Pesto is something I don’t make all that often, as it usually tastes too heavy and rich for me. After all, it’s got nuts, cheese, and a vat or two of oil, and the classic Marcella Hazan recipe I use adds butter. Put that on top of pasta and I’m asleep 10 minutes after dinner. But I do like the flavor of pesto and I appreciate having it on hand to dollop (a la pistou) into vegetable soup, spread onto sandwiches or flavor salad dressings or cooked vegetables.
As I mentioned in my other purple posts, I am in a color cooking phase, and favoring purple for some reason. With a giant bunch of purple thai basil on hand, I put it to use in a purple salad (recipe forthcoming), and then made some pesto. I used Marcella Hazan’s recipe, adapting it with a squirt of lemon for a blink of lightness and tang. I then did something Marcella would be turning in her grave at: I put it atop rice vermicelli. Yep, I did. That’s what was in my cupboard and I wanted to see what it would taste like. It was so good that seconds, though not available, were very much wanted.
The second night we ate it with our leftover Beetburger mix, broken up and cooked in a saucepan for a few minutes. Also very good, even if not photo-worthy.
The third night I made the classic Ligurian pasta dish, Trofie with Potato and Green Beans in Pesto Sauce. Probably the best of the three, and yes, I was in bed 10 minutes afterward.

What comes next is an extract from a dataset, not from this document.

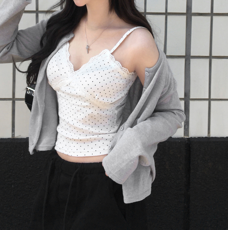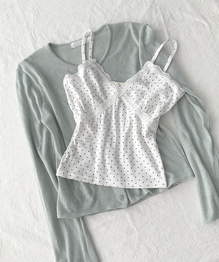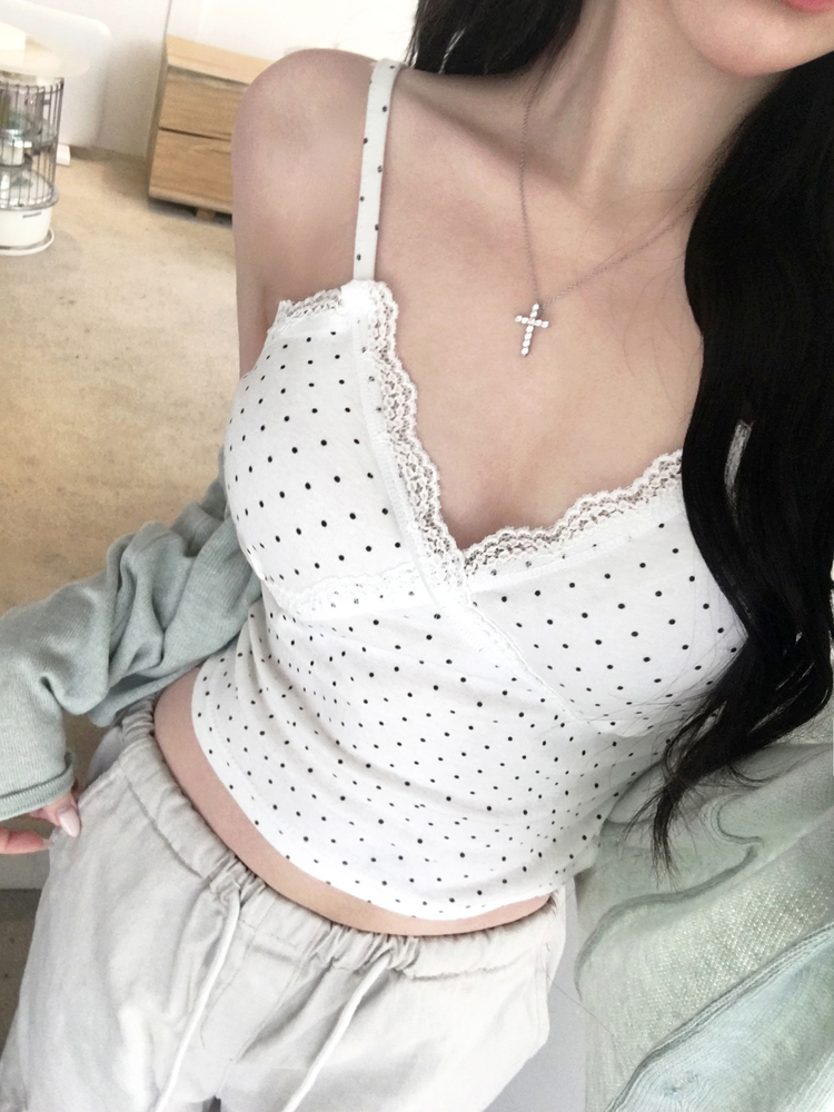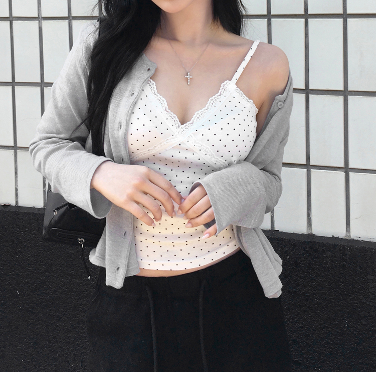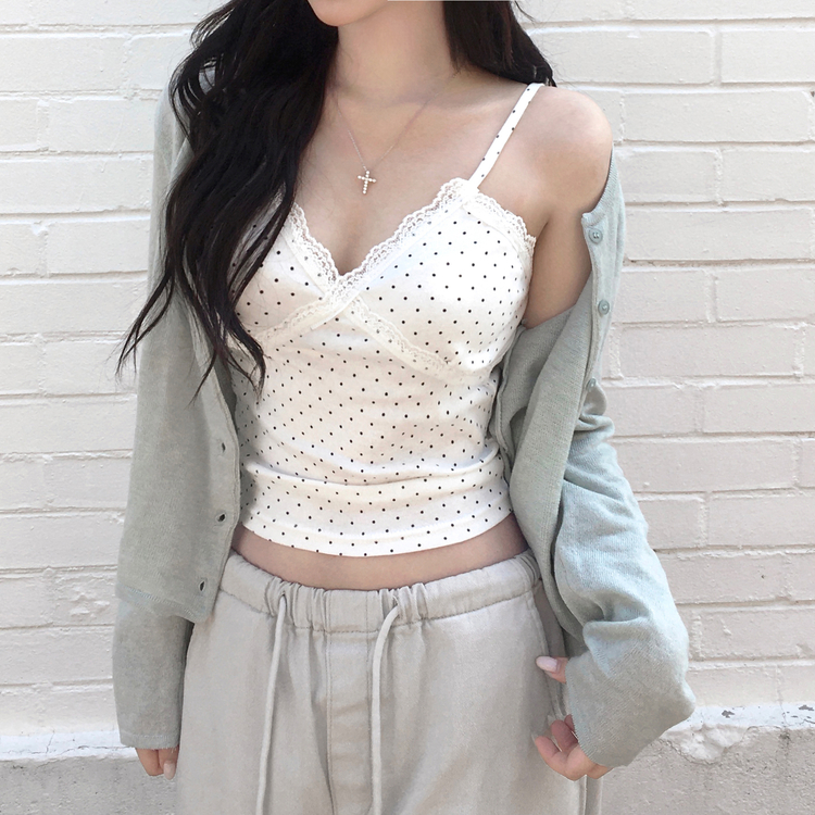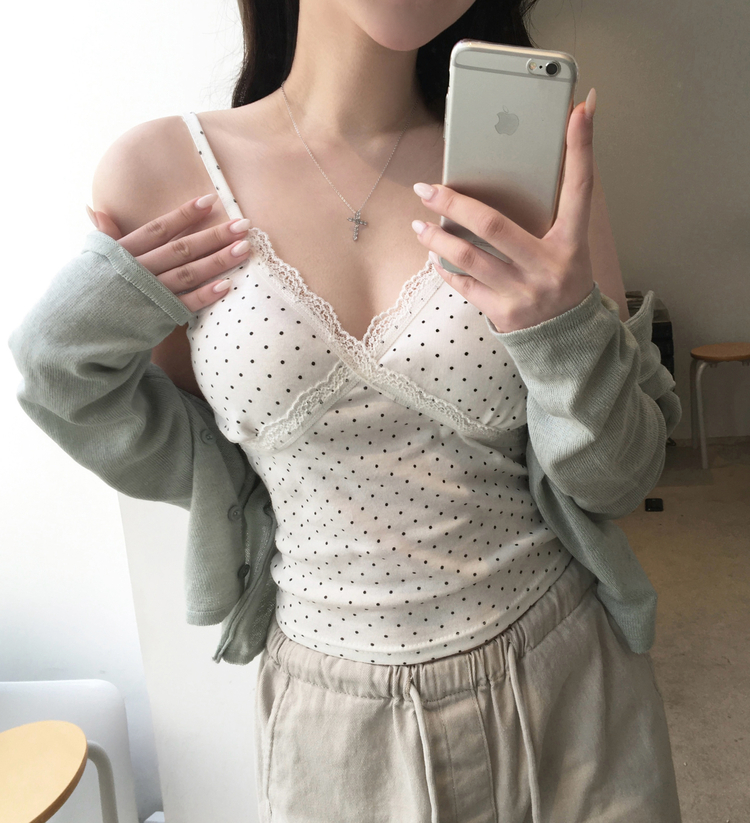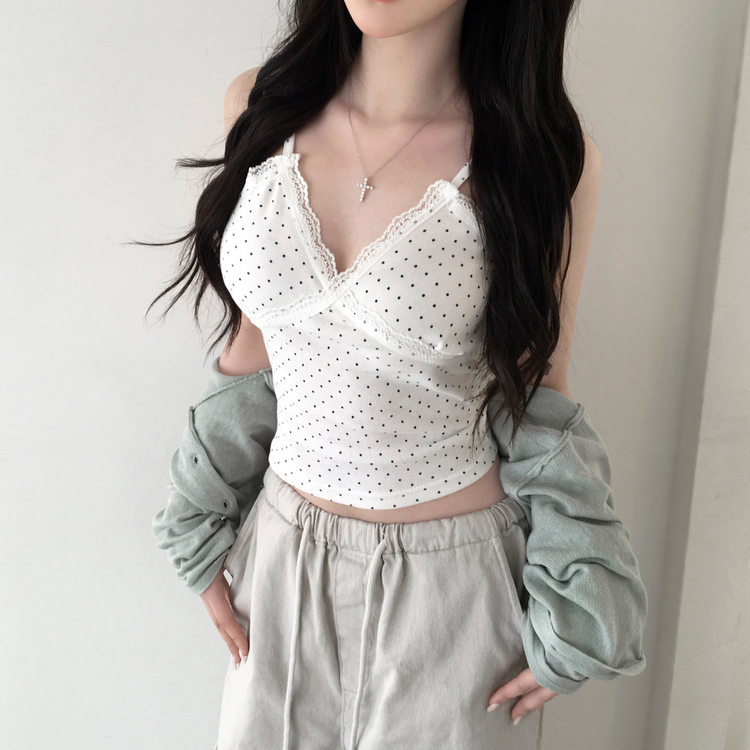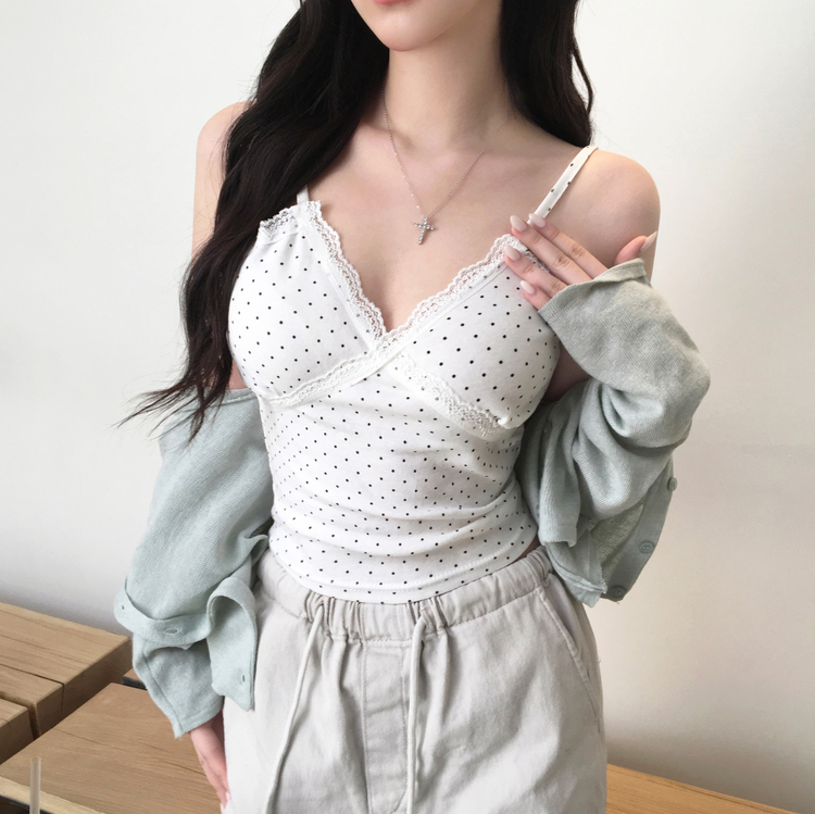 STS244571 루픽 도트 나시 레이스 브이넥 크롭 민소매 끈나시 슬리브리스 레이어드템 러블리룩 데이트룩 데일리룩 여친룩 봄 신상봄 나시사계절템

As promised in the Beetburger Recipe, here is the recipe for our purple pesto, adapted from Marcella Hazan’s Essentials of Classic Italian Cooking, probably the single most reliably awesome collection of recipes I own.
- 2 cups fresh purple basil leaves, tightly packed
- 1/2 cup extra virgin olive oil
- 3 tablespoons pine nuts
- 2 garlic cloves, chopped fine before putting in the processor
- 1/3 cup parmesan cheese, freshly grated
- 2 tablespoons pecorino romano cheese, freshly grated
- 3 tablespoons butter, softened to room temperature
- 1/2 lemon, juiced
- Briefly soak and wash the basil in cold water, and gently pat it thoroughly DRY with paper towels.
- Put the basil, olive oil, pine nuts, chopped garlic, and an ample pinch of salt in the processor bowl, and process to a uniform, creamy consistency
- Transfer to a bowl, and mix in the two grated cheeses by hand. It is worth the slight effort to do it by hand to obtain the notably superior texture it produces.
- When the cheese has been evenly amalgamated with the other ingredients, mix in the softened butter and lemon juice, distributing it uniformly into the sauce.
- When spooning the pesto over pasta, dilute it slightly with a tablespoon or two of the hot water in which the pasta was cooked.